★★★★★★:アメリカを考える上では必読。読みにくいのが玉に瑕
ベトナム戦争という悲惨な事態の発生とその泥沼化を追った凄いルポルタージュです。硬い翻訳と政治家の名前の奔流に苦労しますが、そんなことはおかまいなしにグイグイ引き込まれます。間違いない傑作です。
ベトナム戦争?何か昔の話だよね。しかも日本には関係ないし。そんな風に思って気軽に読み出した私はすぐに考えを改めました。こりゃあ深い。普遍的な問題を提起するルポルタージュだ、と。
絶対に正しい自由な民主主義に対する絶対悪としての共産全体主義。冷戦構造と軍拡競争。その悪の組織たる共産主義政権がベトナムを飲み込もうとしている。そんな現状と乖離した安直なスキームと、アメリカ的価値観の押し付けに、最終的にはとんでもなく高い代償を払うことになりました。しかもアメリカが得たものは多くの若者の戦死と、世界からの批判だけ。
文官と軍官の衝突。隠蔽と偽装工作。見たいものしか見ない人たち。自分たちの方法論と成功体験に固執し泥沼にはまり込むエリートたち。戦局を拡大させたジョンソン大統領がエリートではなかったのもまた救いがない。その後を次いだニクソンも実に凡庸。
残念ながらベトナム戦争は、傲慢で優秀なエリートによる民主制も決して万能ではないという証左のようです。自分の見たくないものは見えないという人間の弱さと、権力への固執、それから驕りと油断。あまりにありふれた人間的な欲望が、悲惨な結果を引き起こす。エリートだろうが生え抜きだろうが、その事実は変わりません。

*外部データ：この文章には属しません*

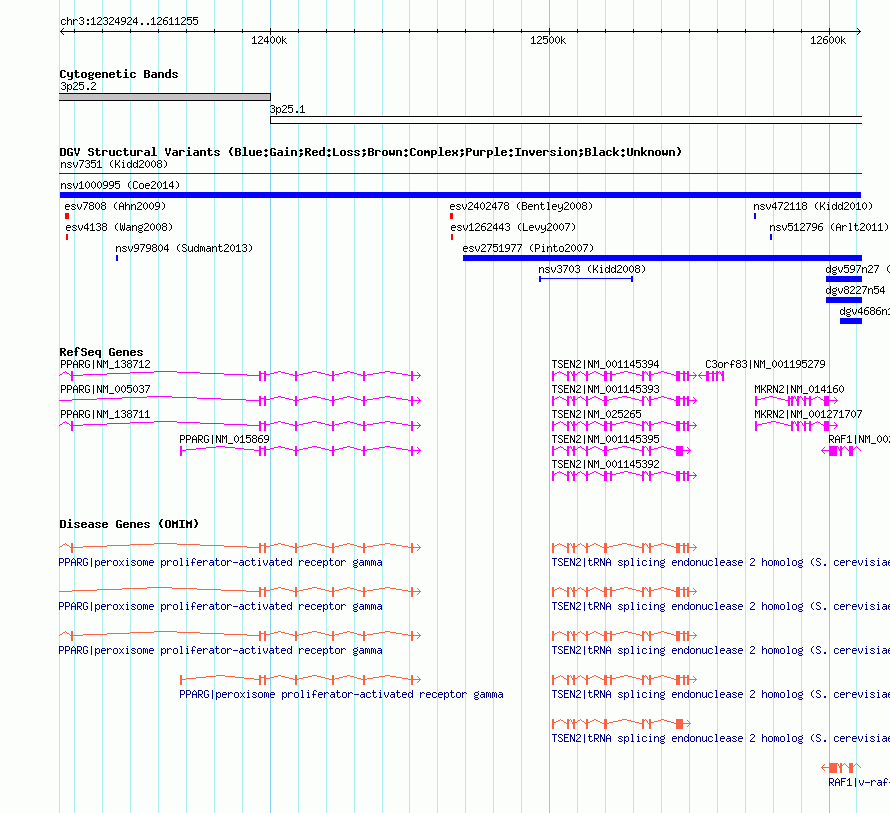 |  | Variant Type | CNV gain |  | Copy Number |  |  | Allele State |  |  | Allele Origin |  |  | Probe Count |  |  | Validation Flag |  |  | Merged Status | M |  | Merged Variants |  |  | Supporting Variants | nssv3591969 |  | Samples |  |  | Known Genes | C3orf83, MKRN2, PPARG, RAF1, TSEN2 |  | Method | SNP array |  | Analysis | Affymetrix SNP array copy number analysis |  | Platform | Affymetrix SNP Array 6.0 |  | Comments |  |  | Reference | Coe_et_al_2014 |  | Pubmed ID | 25217958 |  | Accession Number(s) | nsv1000995
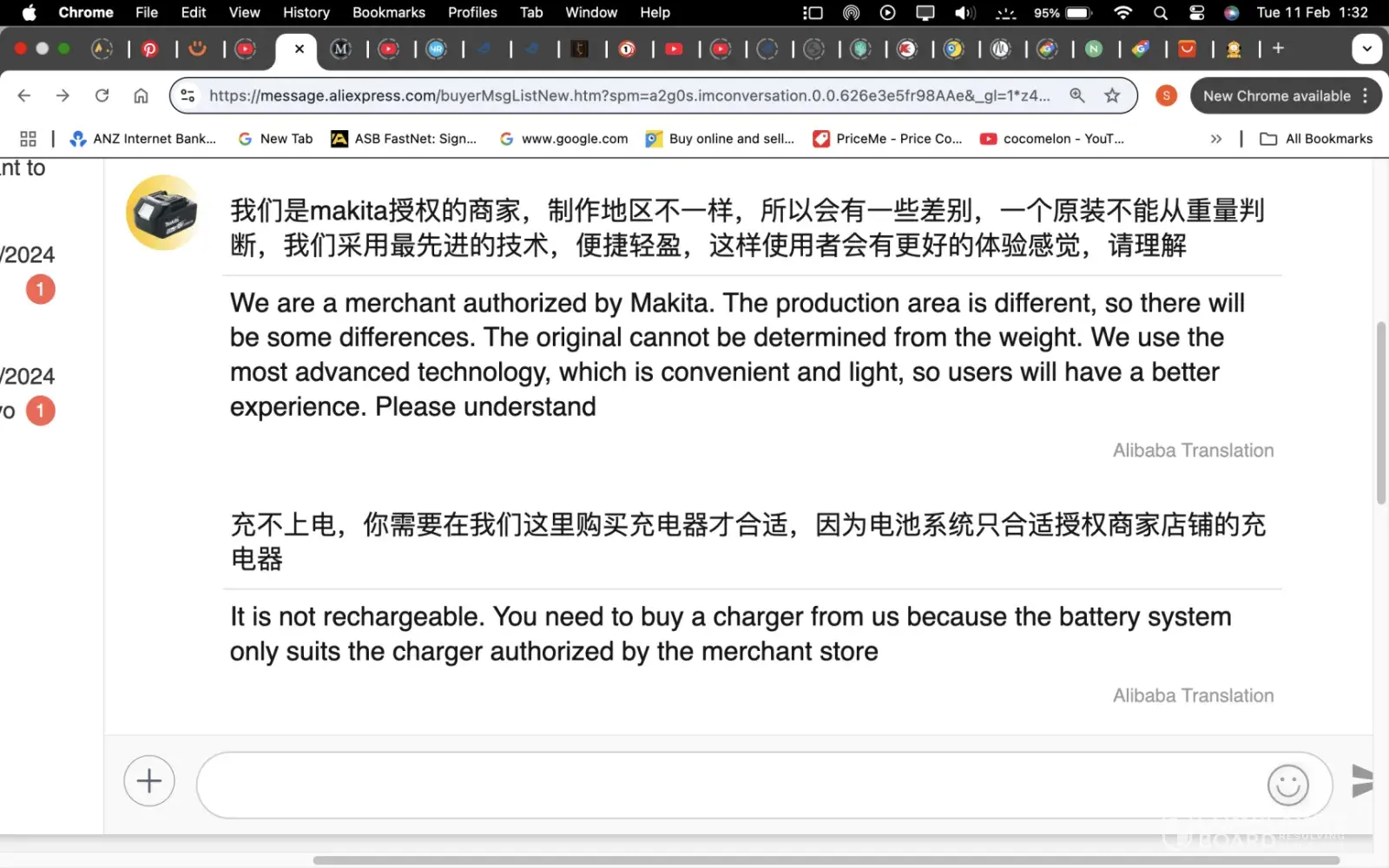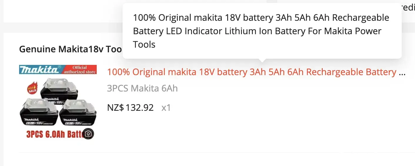 We bought three advertised genuine makita batteries from a seller who was a "global seller “ this meant the order took months to arrive, but also we were given no chance to review the product. When all three batteries failed after only two charges we realised they were not genuine. The seller wanted us to buy their charger claiming it was needed to charge their batteries, we refused as our charger was new and it was a genuine makita battery. They then offered to send replacement batteries which we didn’t want. After three months of frustrating emails they finally said we could get a refund. This never arrived … after a month waiting we contacted ali express and they said the seller would contact us within 24 hrs … this also never happened. After another month of frustrating emails we were told"since your evidence is invalid, please understand only with your response we can help you further on this order.

ゴルバチョフ回想録とこれを読んだ感想は、やはり投票による民主制というのは最低限のラインだなあ、というものでした。ファシズムは安直で手っ取り早そうだけど間違ったところに行ったら破滅は必定。人間は絶対に間違える。指導者が間違えた時に、一人一人がちゃんと投票で指摘しないと、民主主義は絶対に正常に機能しないと思います。自民党(&大企業&アメリカ)に任せてれば、なんのかんの言ってもそこそこの政治が行われていた時代は終わった。優等生っぽいことを言って恐縮ですが、これからは選挙を通じて一人一人が意思表示をしていかないとマズいと思いましたね。無関心と無介入だと、とんでもないところに連れていかれるかもしれませんぜ。小泉竹中がいい例で。